Saturday 24 May 2014

Reading Aloud

In a review of the recordings which T.S. Eliot made of his own Four Quartets, F.R Leavis judged the poet’s oral performance to be inadequate and concluded that ‘These records should call attention to the problem of reading Four Quartets out. The problem deserves a great deal of attention, and to tackle it would be very educational’. Well, we don’t have a recording of Morris reading out his own verse (as we do of Tennyson and Browning), though Fiona MacCarthy refers, in her account of his undergraduate days, to ‘the funny singsong voice he always used when reading poetry. He laid great stress on the rhymes’. But we do have Gary Watson and Peter Orr reading some of Morris’s verse on the 1986 Argo ‘Treasury of Victorian Poetry’ tapes, which I’ve just happened across in a local charity shop. How educational is that, to borrow Leavis’s adjective?

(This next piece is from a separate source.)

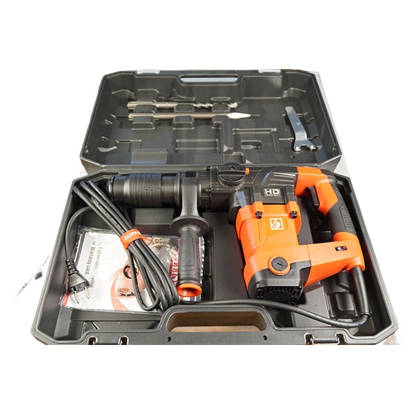 Перфоратор оснащён удобным выключателем с широкой клавишей и эргономичным дизайном, обеспечивающим комфорт и удобство в работе. В комплект входит пластиковый кейс для удобного хранения и транспортировки.

In any performance of a poem we are likely to gain insight into those features of tone, pace and rhythm which are so difficult to establish in a written analysis; and this is certainly the case here. But additional effects come into play through the choice and sequence of texts, with its reversal of chronological order. First, ‘The Message of the March Wind’ (1885), and then ‘Summer Dawn’, ‘Shameful Death’ and ‘In Prison’, all from the 1858 Defence of Guenevere collection. In the first of these, the reading voice is torn between lush Hardyesque rural nostalgia – ‘the fiddler’s old tune and the shuffling of feet’ – and the more turbulent tones and energies which the wind introduces with its news of the grim political realities of the distant city

This conflicted voicing then reveals ‘Summer Dawn’ as the worthless little exercise in a stale Victorian convention which it so clearly is; the reading voice can do nothing with it, but remains ‘patient and colourless’, to borrow the poem’s own words. Plenty of colour in the next two Guenevere poems, though, which are delivered here with an appropriate mix of anger, grief and bitterness. But they have been brilliantly reframed by this sequence, with the political message of the March Wind implicitly turning their violent medieval events into episodes in the kind of vicious civil war which brings political change in chapter XVII of News from Nowhere. Early Morris, as Ingrid Hanson has recently reminded us, is all about fighting – ‘I fight, therefore I am’ – and that combative energy just needs a political ideology (which it gets in 1883) to give it contemporary point and purpose. So in reading aloud more than one poem, it would seem, a phonic and semantic interplay can be set up which may unexpectedly transform the texts involved.

Thursday 8 May 2014

On being Oxford Professor of Poetry

On Tuesday evening the sonorous tones of Geoffrey Hill rang around the Oxford University Examinations Schools as he delivered his latest lecture as Professor of Poetry. Hill read out to us Gerard Manley Hopkins’s ‘The Windhover’ and then meditated searchingly upon its linguistic and religious complexities – his own splendid lecture style being (to borrow a phrase he applied to the poem itself) ‘vaticised beyond the reach of commonplace propriety’. There are political as well as religious implications to Hopkins’s unique practice of language, as when the poet informed Robert Bridges on 2 August 1871 that ‘I am always thinking of the Communist future … Horrible to say, in a manner I am a Communist’; but these Hill didn’t explore. None the less, this was a marvellous offering in what is clearly intended as a coherent five-year lecture sequence devoted to the proposition that ‘the grammar of a poem decides the grammar of belief’.

It was on 16 February 1877 that William Morris wrote to James Thursfield of Oxford University declining to let his name go forward for the Professor of Poetry election of that year. I’ve always felt that, as a valuable exercise at the critical-creative frontier where so much important work is being done in literary studies today (not least by my Lancaster colleague John Schad), someone should have a stab at writing the sequence of lectures that Morris might have given had he accepted the nomination and won the election. In the nineteenth century the Professorship of Poetry was a ten-year stint rather than today’s five, so Morris’s tenure – 1877-1887 – would have covered his conversion to socialism in 1883. We would thus see a Pre-Raphaelite Professor of Poetry maturing into a full-bloodedly Communist one across that decade, and reworking his views of poetry and literature accordingly. So I look forward one day to reading the volume of William Morris’s lost Oxford lectures.